* Information given *
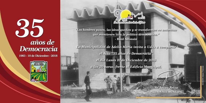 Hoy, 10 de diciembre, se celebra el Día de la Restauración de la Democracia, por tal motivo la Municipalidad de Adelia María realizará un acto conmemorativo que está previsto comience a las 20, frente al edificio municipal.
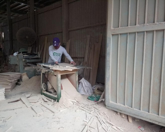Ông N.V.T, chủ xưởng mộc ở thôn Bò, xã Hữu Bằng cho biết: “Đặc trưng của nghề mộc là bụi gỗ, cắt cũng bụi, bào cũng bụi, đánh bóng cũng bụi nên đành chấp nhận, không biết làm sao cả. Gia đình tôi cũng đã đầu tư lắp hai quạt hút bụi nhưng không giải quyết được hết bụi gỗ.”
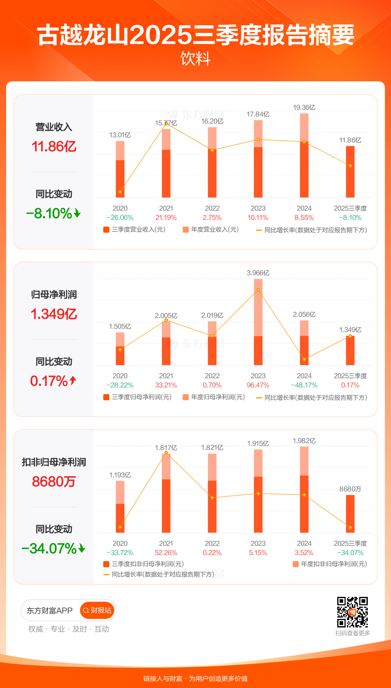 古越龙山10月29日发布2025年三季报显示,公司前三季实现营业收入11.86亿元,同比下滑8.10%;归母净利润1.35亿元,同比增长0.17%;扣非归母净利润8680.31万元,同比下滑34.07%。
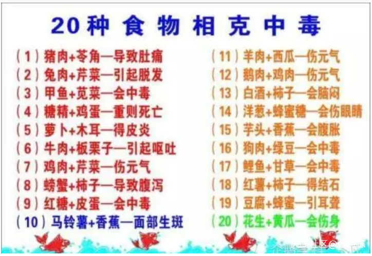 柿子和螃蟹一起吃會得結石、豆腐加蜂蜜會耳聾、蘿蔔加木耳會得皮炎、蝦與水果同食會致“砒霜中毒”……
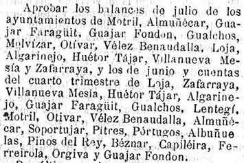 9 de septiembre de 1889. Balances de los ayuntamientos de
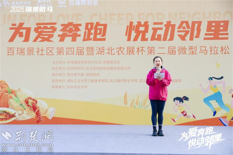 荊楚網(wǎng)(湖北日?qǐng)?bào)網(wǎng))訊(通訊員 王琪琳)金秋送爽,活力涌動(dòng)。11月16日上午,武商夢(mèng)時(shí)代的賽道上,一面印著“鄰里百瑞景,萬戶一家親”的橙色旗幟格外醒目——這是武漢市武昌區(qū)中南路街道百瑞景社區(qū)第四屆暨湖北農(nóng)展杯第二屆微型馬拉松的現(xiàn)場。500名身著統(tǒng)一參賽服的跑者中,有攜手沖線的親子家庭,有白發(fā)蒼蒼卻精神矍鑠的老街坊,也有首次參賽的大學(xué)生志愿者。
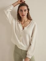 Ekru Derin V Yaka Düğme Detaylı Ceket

* Your goal *
Starting with the line that holds "古越龙山10月29日发布20", print each line through the last one of the data exactly as written, but do not include the pictures.

* Answer to this task *
 古越龙山10月29日发布2025年三季报显示,公司前三季实现营业收入11.86亿元,同比下滑8.10%;归母净利润1.35亿元,同比增长0.17%;扣非归母净利润8680.31万元,同比下滑34.07%。
 柿子和螃蟹一起吃會得結石、豆腐加蜂蜜會耳聾、蘿蔔加木耳會得皮炎、蝦與水果同食會致“砒霜中毒”……
 9 de septiembre de 1889. Balances de los ayuntamientos de
 荊楚網(wǎng)(湖北日?qǐng)?bào)網(wǎng))訊(通訊員 王琪琳)金秋送爽,活力涌動(dòng)。11月16日上午,武商夢(mèng)時(shí)代的賽道上,一面印著“鄰里百瑞景,萬戶一家親”的橙色旗幟格外醒目——這是武漢市武昌區(qū)中南路街道百瑞景社區(qū)第四屆暨湖北農(nóng)展杯第二屆微型馬拉松的現(xiàn)場。500名身著統(tǒng)一參賽服的跑者中,有攜手沖線的親子家庭,有白發(fā)蒼蒼卻精神矍鑠的老街坊,也有首次參賽的大學(xué)生志愿者。
 Ekru Derin V Yaka Düğme Detaylı Ceket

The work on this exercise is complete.